Further the signal output module is further configured to output a system maintaining logic signal to an external processor once no trigger logic signal is generated; wherein the level of the system maintaining logic signal is same as the level of the abnormal driving logic signal to guarantee the operation in the standby state.

Preferably, the abnormal driving logic signal is logical high, the normal driving logic signal is logical low, and the system maintaining logic signal is logical high.

Alternatively, the abnormal driving logic signal is logical low, the normal driving logic signal is logical high, and the system maintaining logic signal is logical low

By generating and outputting the trigger logic signal according to working states of the frequency converter, as well as collecting and monitoring an output pulse in the feedback logic signal from the driving circuit, the level of the current ongoing feedback logic signal and the level of the trigger logic signal, the protection for the

IGBT inverter unit could be realized without the assistance of an external crystal oscillator. The control method is realized as long as the driving circuit could provide the feedback logic signal with one or more output pulses, accordingly more driving circuits could be applied to the inverter system.

Description of drawings

In order to more clearly illustrate the technical solutions in the embodiments of the present invention, a brief description of the accompanying drawings to be used in the embodiments will be given below. It is obvious that the accompanying drawings in the following description are some embodiments of the present invention, and other accompanying drawings can be obtained according to these accompanying drawings without any creative work for a person of ordinary skill in the art.

Fig.1 is a flowchart of an inverter IGBT drive control method according to one aspect of the present invention.

Fig.2 is a flowchart of an inverter IGBT drive control method according to one aspect of the present invention.

Fig.3 is a flowchart of an inverter IGBT drive control method according to one aspect of the present invention.

Fig.4 is a system diagram of frequency converter control system.

Fig.5 is a schematic block diagram of an inverter IGBT drive control device according to another aspect of the present invention.

Detailed Description of the Present Invention

In order to make the object, technical solution and advantages of the invention clearer and more understandable, the invention will be described in further detail hereinafter in conjunction with the accompanying drawings and embodiments.

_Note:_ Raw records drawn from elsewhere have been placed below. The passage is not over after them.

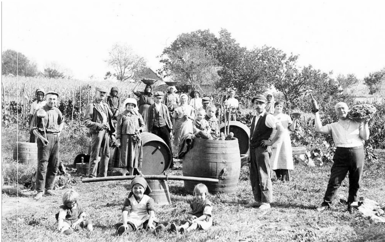
A hagyományos családi munkaalkalmak és kapcsolatok eltűnésével a hagyományok átadása is megszakad.

A természettel való kapcsolat éppen olyan létezésük, mint az emberek közti. A legújabb ökológiai szakirodalom bebizonyítja, hogy az ember természettel való kapcsolata csak ott szakadhat meg, ahol korábban az ember és ember közti kapcsolat megromlott, így egy törpe kisebbség kisajátíthatja a természet minden embert megillető kincseit. A természettől elszakadt társadalom pedig épp úgy halálra van ítéelve, mint az elmagányosodott egyén.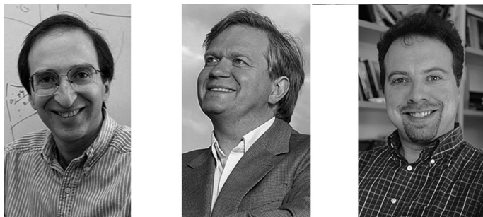
Slika 1. Dobitnici Nobelove nagrade iz fizike za 2011. godinu, Saul Perlmutter (lijevo), Brian P. Schmidt (u sredini) i Adam G. Riess (desno). Perlmutter (r. 1959. god.) je profesor astrofizike na University of California u Berkeleyu. Schmidt (r. 1967. god.) profesor je na Australian National University u Weston Creeku, a Riess (r. 1969. god.) je profesor astronomije i fizike na Johns Hopkins University i Space Telescope Science Institute u Baltimoreu.

Početak i kraj 20. stoljeća u kozmologiji je obilježen velikim otkrićima. Velika pak otkrića u početku najčešće još nemaju objašnjenje. Kada je Vesto Slipher 1913. godine objavio otkriće crvenog pomaka u spektrima spiralnih maglica, niti prava priroda spiralnih maglica još nije bila otkrivena. Na samom kraju stoljeća, a ujedno i milenija, 1998. godine, otkriće ubrzanog širenja Svemira promijenit će kozmološku paradigmu – umjesto gravitacijske sile Svemirom vlada tamna energija čije je porijeklo, unatoč intenzivnim istraživanjima proteklih desetak godina, još uvijek nepoznato.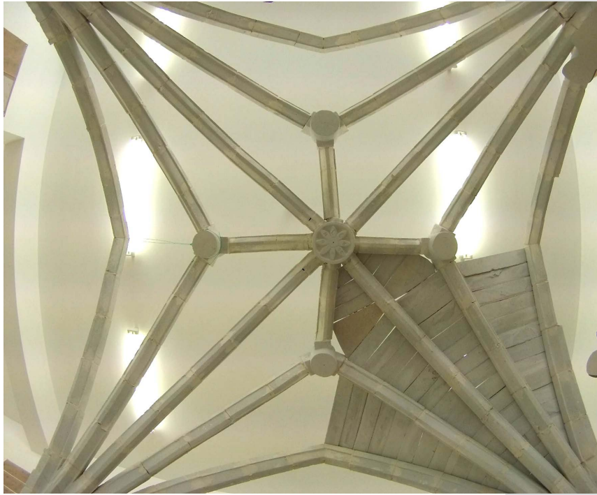
Figure 28. The structural rib system of the S. Maria della Catena church's vault, following dismantle phase. (©labstereounipa).

The terms "first", "second", "third", etc. in the specification and claims of the present invention and in the said drawings are used to distinguish between different objects and are not intended to describe a specific order. In addition, the terms "comprising" and "having", and any variation thereof, represent non-exclusive inclusion. For example, a process, method, system, product, or apparatus comprising a series of steps or units is not limited to the listed steps or units, but optionally also includes steps or units not listed, or optionally also includes other steps or units inherent to those processes, methods, products, or apparatus.

In the present invention "embodiment" means that a particular feature, structure or characteristic described in connection with an embodiment may be included in at least one embodiment of the present application. The appearance of the phrase in various places in the specification does not necessarily mean the same embodiment, nor is it a separate or alternative embodiment that is mutually exclusive with other embodiments. It is understood by those of skill in the art that the embodiments described herein may be combined with other embodiments.

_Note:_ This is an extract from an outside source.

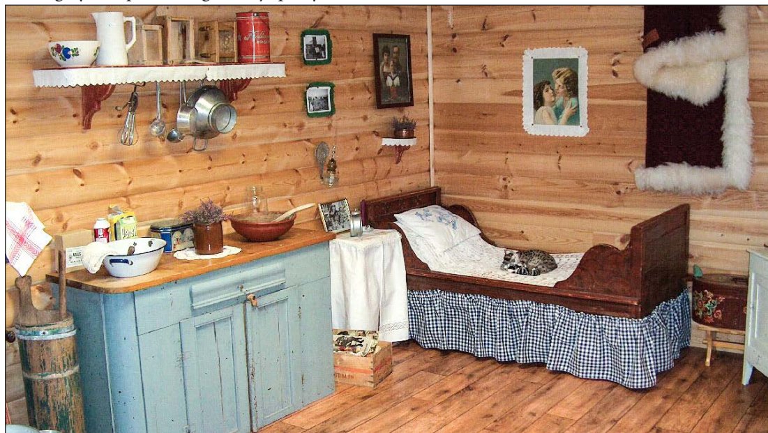
Seterstua ved Follidal Bo- og Servicesenter (arkivfoto).

For noen dager siden var jeg en tur innom Follidal alders- og sjukehjem og måtte selvfølgelig gå innom den nostalgiske og fine seterstua der. Det faller slik ro over en når man kan sitte der og la tankene gå samtidig som øynene hviler på gamle ting som var en del av min barndom. Den gamle separatorens bildene med rammer av hvitt papir, det broderte pyntehåndkleet, og ikke minst senga med hekleteppe på. Mens jeg satt litt på sengekanten og strøk hånda over den naturtro katta med sine unger som ligger der, la jeg merke til at skinnene på denne katta var blitt veldig slitt av utallige hender som har strøket over den. Her har nok mange av de eldre latt tankene gå tilbake til barndom og dyreliv på setra og kanskje på dyr de har hatt et nært forhold til.

Served as an early warning and protection, an inverter IGBT drive control method is disclosed in Fig.1, aiming at provide a support for a frequency converter system with which the selection of driving circuits could be extended without the assistance of an external crystal oscillator. At first, the physical parts of a frequency converter control system are introduced with reference to Fig.4. In a comprehensive manner, in the frequency converter control system (such as a frequency converter system for speed regulation), PWM signals generated by DSP are output to an IGBT inverter unit to control its on/off states, further to control operation states of the system load. The PWM signals generated by DSP is either transmitted serially or in parallel, in which optical fibers are preferably used to serve as the media fit for long-distance signal transmission for high-power frequency converters. The operation and the protection functions of the IGBT inverter unit is realized by a driving circuit. In the present embodiment, the driving circuit could be selected from available integrated driving circuit chips produced and sold by a number of manufactures, including a single-channel plug-and play driver 1SP0335 or 1SP0635 produced and sold by Power Integrations. In the frequency converter control system, a bidirectional communication between the driving circuit and a first processor is established to upload working states of the IGBT inverter unit. Further taking into consideration that there may be a potential mismatch between an extension on signal channels and the limited output ports of a DSP, the first processor is preferably implemented by a CPLD controller in the present embodiment which has a more stable performance and a faster signal transmission speed to cope with the IGBT inverter unit, so as to fulfill various functions in a flexible way. Optical fibers are also used to serve as the transmission media of the CPLD controller fit for long-distance signal transmission of high-power frequency converters.

Automatic monitoring on working states of the IGBT inverter units without the assistance of an external crystal oscillator could be realized by a control method as follows which has detailed steps.

Sl: the first processor determines whether or not to generate a trigger logic signal according to states of the frequency converter. When the frequency converter is in a working state, the first processor generates a trigger logic signal to maintain the operation of the frequency converter system; when the frequency converter is in a standby state, the first processor interrupts generating the trigger logic signal. Preferably the trigger logic signal is logical high.

S2: when the frequency converter is in the working state and the trigger logic signal is generated, the first processor starts receiving a feedback logic signal from the IGBT inverter unit driving circuit. Specifically the first processor further determines whether or not there is an output pulse in the feedback logic signal. For further explanation the output pulse is defined by including one or more falling edge, which means if the first processor detects a complete combination of a high level, a falling edge and a low level in the feedback logic signal, thefirst processor determines that there is an output pulse in the feedback logic signal. The communication between the first processor and the driving circuit functions properly.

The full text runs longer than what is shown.